Researchers at the McKusick-Nathans Institute of Genetic Medicine at Johns Hopkins have found a new technology to analyze and understand the secrets of the junk DNA. Junk DNA contains critical regions for controlling gene function.
These genes that regulate various similar actions need not be the same in all species. The study will be published online at Science Express. The researchers used the zebrafish to test mammalian DNA and identify DNA sequences, known as enhancers. These sequences are involved in turning on a gene. They took the particular RET gene which is associated with Hirschsprung disease and multiple endocrine neoplasia (MEN2).
Researchers identified DNA sequences that can control RET by using the technique that they have developed. Hirschsprung disease (congenital megacolon) is a common birth defect marked by bowel obstruction. MEN2 is an inherited predisposition to neuroendocrine cancers. Mutation in enhancers plays a role in human disease progression. But enhancer mutations are difficult to locate as enhancers are located in the 98 % of the human genome that does not code for protein.
They are otherwise called as non-coding DNA, junk DNA. These sequences do not follow any rules or sequence pattern. Andy McCallion, Ph.D., an assistant professor in the McKusick-Nathans Institute said that it is difficult to locate the particular sequence that is involved in the disease formation because it is difficult to look at immense stretches of DNA. Traditionally, DNA sequences are supposed to look similar to function similarly.
This is the best strategy used for studying similar species. But from an evolutionary standpoint, the last common ancestor of human and zebrafish lived more than 300 million years ago. But the Hopkins researchers developed the new system, by which virtually any DNA sequence can be tested for its ability to turn on a marker gene in zebrafish embryos.
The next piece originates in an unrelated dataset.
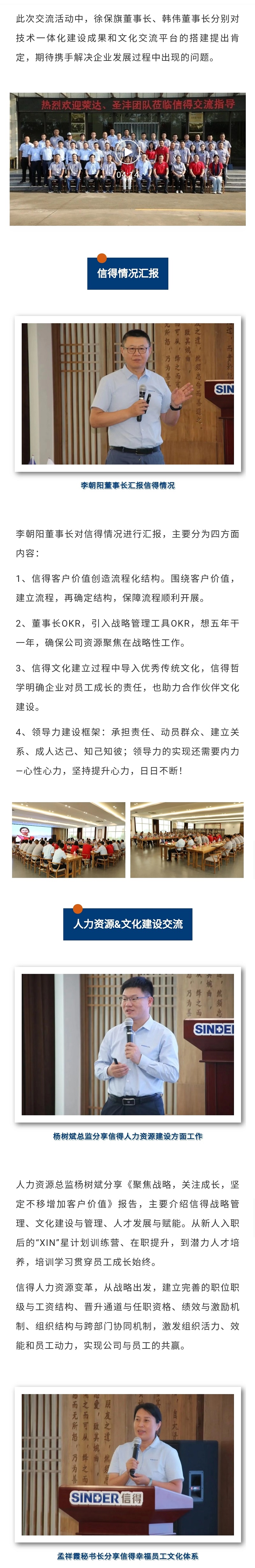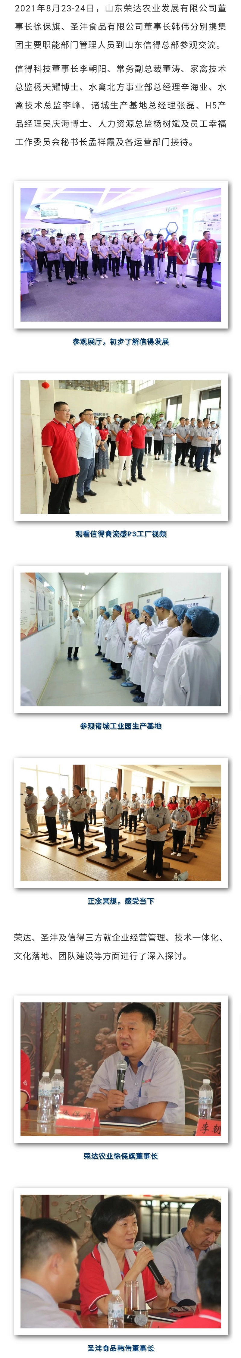2021年8月23-24日,山东荣达农业发展有限公司董事长徐保旗、圣沣食品有限公司董事长韩伟分别携集团主要职能部门管理人员到山东信得总部参观交流。

The system allows researchers to study more sequences in a shorter period of time. Using this, they identified several human enhancers able to control expression consistent with the zebrafish ret gene. Shannon Fisher, M.D., Ph.D., the study's first author and an assistant professor in cell biology in Johns Hopkins' Institute for Basic Biomedical Sciences said that Zebrafish are small, about a half inch in length, they grow quickly, and are relatively inexpensive to maintain compared to mice or rats.
The researchers plan to extend their research by analyzing the RET enhancers they found to identify other mutations that might contribute to Hirschsprung disease and MEN2. They have also asked the other researchers to collectively build a database of human enhancers. The research was funded by the March of Dimes and the National Institutes of Health.